Installation

You will need conda installed on your computer.

We create a fresh environment with python 3.10 and the required dependencies (samtools, minimap2, and bwa-mem2 for the mapping commands, BLAST+ for repeat detection):

conda create -n thebigbam -c conda-forge -c bioconda python=3.10 samtools=1.23 minimap2=2.30 bwa-mem2=2.3 blast=2.17
conda activate thebigbam

We then install thebigbam via pip in this environment:

python3.10 -m pip install thebigbam

Check installation succeeded

Check main command works:

thebigbam -h

You can download the tests directory from the git repository to assess your installation:

git clone --filter=blob:none --sparse https://github.com/bhagavadgitadu22/theBIGbam
cd theBIGbam
git sparse-checkout set tests

Then check the calculate command works:

thebigbam calculate \
 -g tests/HK97/HK97_GCF_000848825.1_pharokka.gbk \
 -b tests/HK97/ \
 -o tests/HK97/test.db

Finally visualize interactively the test data:

thebigbam serve --db tests/HK97/test.db --port 5006

Open browser to http://localhost:5006 to see the visualization. If working from a remote server, see the Visualisation section.

Main usage

TheBIGbam consists of 3 main steps:

(optional) Generation of alignment files for your samples with circular-genome support
Generation of a DuckDB database summarizing your genomic and mapping files with Rust
Interactive visualization of the DuckDB database content using Python and Bokeh

Quick usage with HK97 test data

# only available if you downloaded the mapping dependencies
thebigbam mapping-per-sample \
  -r1 tests/HK97/HK97_R1_illumina.fastq.gz \
  -r2 tests/HK97/HK97_R2_illumina.fastq.gz \
  -a tests/HK97/HK97_GCF_000848825.1.fasta \
  --circular -o tests/HK97/HK97_illumina_circular.bam

thebigbam calculate \
  -b tests/HK97 \
  -g tests/HK97/HK97_GCF_000848825.1_pharokka.gbk \
  -m coverage,misalignment \
  -o tests/HK97/HK97.db \
  -t 4

thebigbam serve --db tests/HK97/HK97.db --port 5006

For more complex examples see the usage page.

Database computation

thebigbam calculate command converts large BAM files and associated annotated assemblies into a compact, queryable DuckDB database.

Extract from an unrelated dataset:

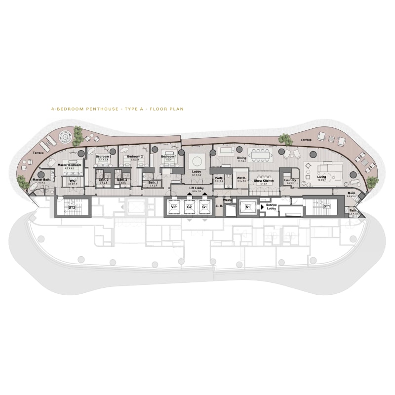 Introducing the Bulgari Lighthouse. Sublime living spaces suspended between sea and sky. Reflecting the Bulgari values of unrivalled craftsmanship, thoughtful precision, and timeless elegance. A treasured natural material, coral is both a literal and metaphorical inspiration for the building design, providing protection, privacy, and peace. A building born out of its magnificent location; a private island secluded in the middle of the sea. Consisting of 4 and 5-bedroom penthouses, the Bulgari Lighthouse offers a selection of diverse living spaces and interior layouts. As the penthouses increase in size and scale, additional features include a private pool and private lift access. The tower stretches and lightens as it extends higher into the sky with the distance between the architectural coral plates broadening to allow space for larger interior living areas.

Example command to compute the database for a single sample containing paired-end short reads mapped to the reference genome of phage HK97:

thebigbam calculate  
-b tests/HK97  
-g tests/HK97/HK97_GCF_000848825.1_pharokka.gbk  
-m coverage,misalignment  
-o tests/HK97/HK97.db  
-t 4

For more complex examples see the usage page.

What input files do I need?

You need to provide at least one of the following:

BAM mapping files (-b)
A GenBank annotation file (-g)

If only an annotation file is provided, contig-level data (annotations, GC content, repeats) is calculated without any sample-level mapping features.

If only BAM files are provided, an assembly file of contigs (FASTA format) can be supplied with -a to allow the computation of sequence-dependent, mapping-derived features.

Alignment files

Parameter: --bam_files DIRECTORY, short-version -b

Your mapping files need to be sorted BAM files with MD tags. If you have mapping files but not in the right format, SAMtools is your friend!

# to convert a SAM/BAM file in a sorted BAM file
samtools view -bS example.sam | samtools sort -o example.sorted.bam

# to add an index file to your BAM file
samtools index example.sorted.bam

# to add MD tags to your BAM file 
# you also need the fasta file used during the mapping step
samtools calmd -b example.sorted.bam ref.fasta > example.sorted.md.bam

Alternatively, you can produce your alignment files directly in theBIGbam as specified in the Mapping section.

Annotation file

Parameter: --genbank FILE, short-version -g

Annotation file should be in GenBank (.gbk, .gbff, .gb) or GFF3 (.gff, .gff3) format, made with the tool of your choice: bakta for bacteria, pharokka or phold for phages, eggnog-mapper for eukaryotes, etc.

Examples of commands to generate such annotations are available in the usage page.

Which features can I calculate?

Parameter (optional): --modules COMMA-SEPARATED LIST, short version -m

When BAM files are provided, theBIGbam performs fast Rust-based computations on them to extract relevant values. Individual read information is discarded in favor of lightweight per-position averages for each contig in each sample.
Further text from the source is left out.